WHAT YOU SHOULD DO.
Write out the entire listing below exactly as it appears, minus any pictures.

[[ SUPPLIED MATERIAL, beginning ]]

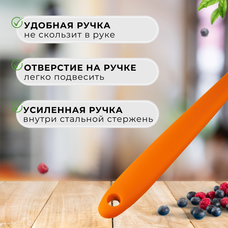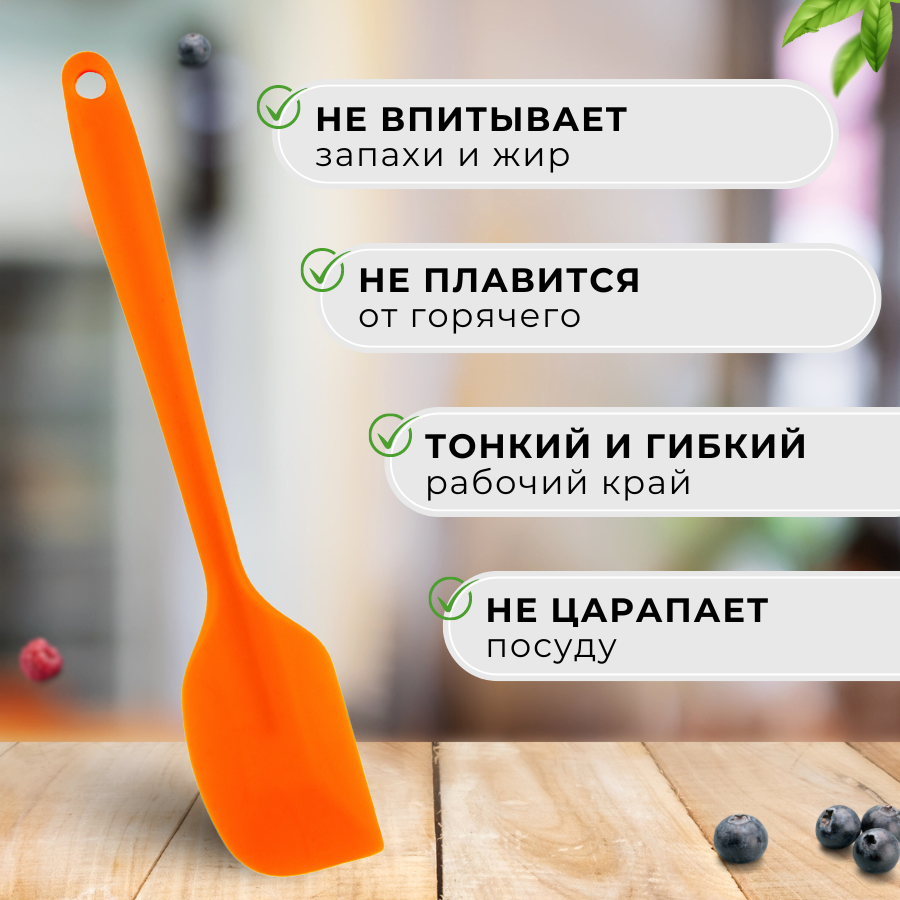 СохранитьЛопатка кухонная силиконовая 21 см, цвет оранжевый, лопатка кондитерская силиконовая, лопатка кулинарная силиконовая, лопатка для кухни CGPro интересное:
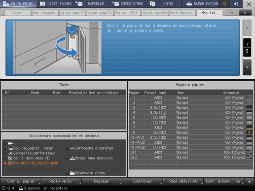 L'indicateur Bac à déch.déc.lat.SD plein dans la zone Indicateurs consommables et déchet de l'écran UNITÉ PRINC. s'allume en rouge et le texte est affiché en jaune.
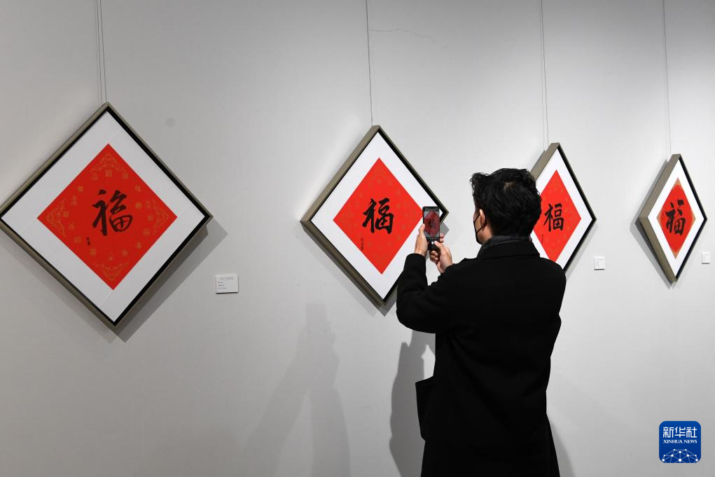 11月26日,参观者在展览现场欣赏春联和福字展品。

[[ SUPPLIED MATERIAL, end ]]

RESULT FOR THIS EXERCISE.
 СохранитьЛопатка кухонная силиконовая 21 см, цвет оранжевый, лопатка кондитерская силиконовая, лопатка кулинарная силиконовая, лопатка для кухни CGPro интересное:
 L'indicateur Bac à déch.déc.lat.SD plein dans la zone Indicateurs consommables et déchet de l'écran UNITÉ PRINC. s'allume en rouge et le texte est affiché en jaune.
 11月26日,参观者在展览现场欣赏春联和福字展品。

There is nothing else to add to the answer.